(DATA Opens)
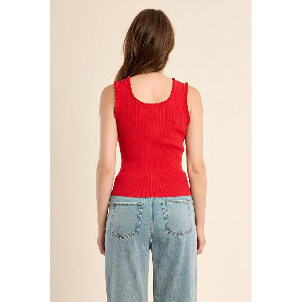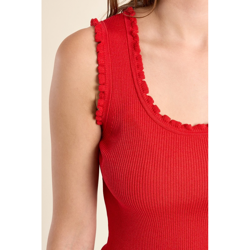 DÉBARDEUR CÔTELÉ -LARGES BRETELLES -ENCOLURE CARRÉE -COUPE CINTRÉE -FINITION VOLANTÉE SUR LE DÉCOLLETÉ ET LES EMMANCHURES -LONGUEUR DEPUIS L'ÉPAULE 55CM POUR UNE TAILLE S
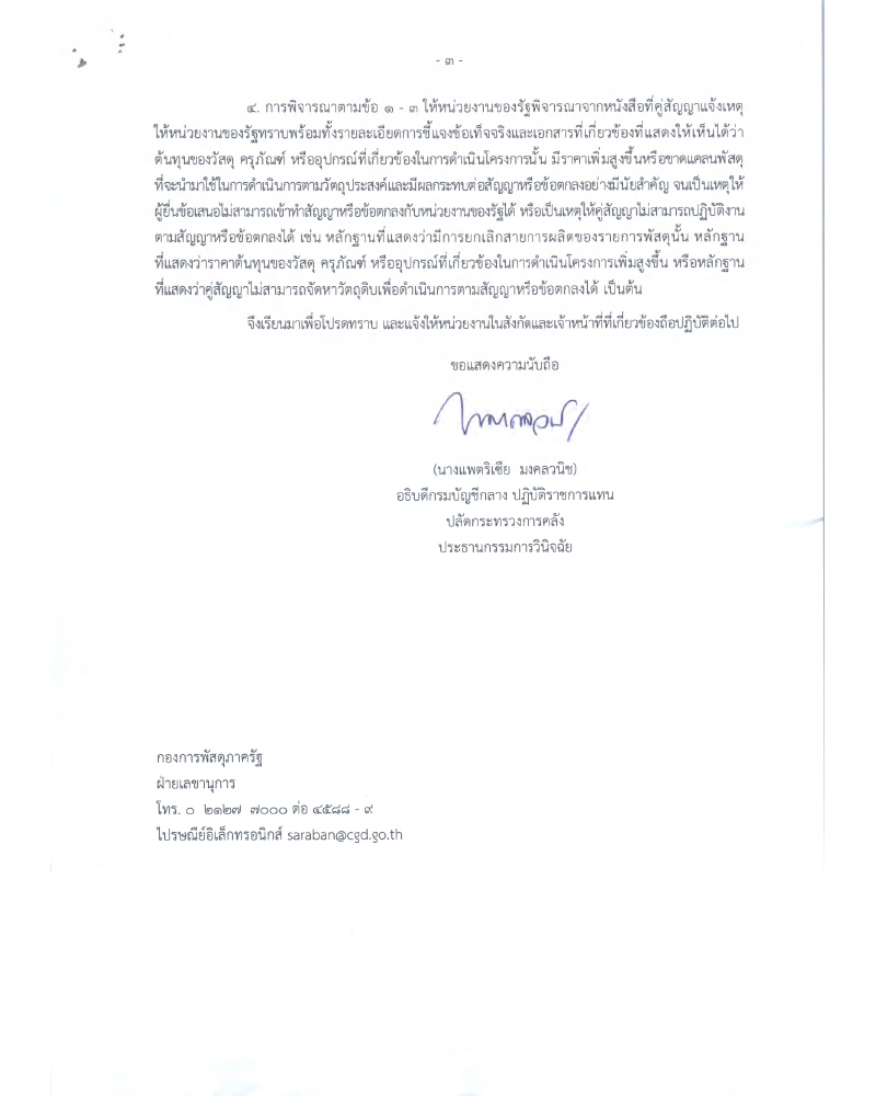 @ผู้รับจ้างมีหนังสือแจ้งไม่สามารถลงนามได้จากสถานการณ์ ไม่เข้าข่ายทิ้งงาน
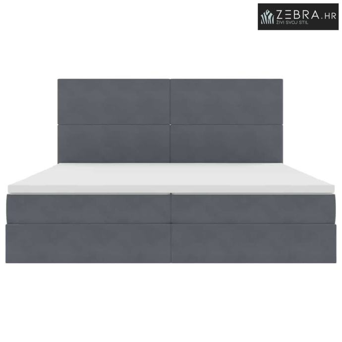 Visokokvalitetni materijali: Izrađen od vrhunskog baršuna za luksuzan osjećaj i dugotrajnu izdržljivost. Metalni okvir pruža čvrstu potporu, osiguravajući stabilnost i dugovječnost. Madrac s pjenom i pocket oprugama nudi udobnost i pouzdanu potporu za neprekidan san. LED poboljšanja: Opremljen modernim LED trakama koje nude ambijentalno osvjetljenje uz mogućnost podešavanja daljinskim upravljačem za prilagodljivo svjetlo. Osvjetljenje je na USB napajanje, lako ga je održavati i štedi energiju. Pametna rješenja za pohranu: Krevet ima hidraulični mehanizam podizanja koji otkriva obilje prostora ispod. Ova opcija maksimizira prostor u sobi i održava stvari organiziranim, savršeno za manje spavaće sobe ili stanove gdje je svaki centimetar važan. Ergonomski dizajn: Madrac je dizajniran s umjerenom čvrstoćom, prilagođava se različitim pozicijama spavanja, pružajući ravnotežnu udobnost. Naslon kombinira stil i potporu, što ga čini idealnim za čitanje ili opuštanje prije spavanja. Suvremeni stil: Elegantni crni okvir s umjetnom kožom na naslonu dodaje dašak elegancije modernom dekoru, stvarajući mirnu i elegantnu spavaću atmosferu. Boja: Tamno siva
(DATA Closes)
(DATA Opens)
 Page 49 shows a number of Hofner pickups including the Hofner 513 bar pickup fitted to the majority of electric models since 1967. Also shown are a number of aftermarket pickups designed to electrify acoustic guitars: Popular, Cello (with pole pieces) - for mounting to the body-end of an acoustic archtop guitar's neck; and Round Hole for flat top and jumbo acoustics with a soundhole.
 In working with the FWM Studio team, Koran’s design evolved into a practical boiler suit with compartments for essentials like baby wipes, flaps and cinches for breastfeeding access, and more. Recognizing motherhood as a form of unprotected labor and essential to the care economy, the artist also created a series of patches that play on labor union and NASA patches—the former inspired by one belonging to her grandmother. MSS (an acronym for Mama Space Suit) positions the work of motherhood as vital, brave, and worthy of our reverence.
(DATA Closes)
Above are the records; please give again, exactly and in full, only the lines that run from the line with "DÉBARDEUR CÔTELÉ -LARGES" through the line with "Visokokvalitetni materijali: Izrađen", with no pictures.

 DÉBARDEUR CÔTELÉ -LARGES BRETELLES -ENCOLURE CARRÉE -COUPE CINTRÉE -FINITION VOLANTÉE SUR LE DÉCOLLETÉ ET LES EMMANCHURES -LONGUEUR DEPUIS L'ÉPAULE 55CM POUR UNE TAILLE S
 @ผู้รับจ้างมีหนังสือแจ้งไม่สามารถลงนามได้จากสถานการณ์ ไม่เข้าข่ายทิ้งงาน
 Visokokvalitetni materijali: Izrađen od vrhunskog baršuna za luksuzan osjećaj i dugotrajnu izdržljivost. Metalni okvir pruža čvrstu potporu, osiguravajući stabilnost i dugovječnost. Madrac s pjenom i pocket oprugama nudi udobnost i pouzdanu potporu za neprekidan san. LED poboljšanja: Opremljen modernim LED trakama koje nude ambijentalno osvjetljenje uz mogućnost podešavanja daljinskim upravljačem za prilagodljivo svjetlo. Osvjetljenje je na USB napajanje, lako ga je održavati i štedi energiju. Pametna rješenja za pohranu: Krevet ima hidraulični mehanizam podizanja koji otkriva obilje prostora ispod. Ova opcija maksimizira prostor u sobi i održava stvari organiziranim, savršeno za manje spavaće sobe ili stanove gdje je svaki centimetar važan. Ergonomski dizajn: Madrac je dizajniran s umjerenom čvrstoćom, prilagođava se različitim pozicijama spavanja, pružajući ravnotežnu udobnost. Naslon kombinira stil i potporu, što ga čini idealnim za čitanje ili opuštanje prije spavanja. Suvremeni stil: Elegantni crni okvir s umjetnom kožom na naslonu dodaje dašak elegancije modernom dekoru, stvarajući mirnu i elegantnu spavaću atmosferu. Boja: Tamno siva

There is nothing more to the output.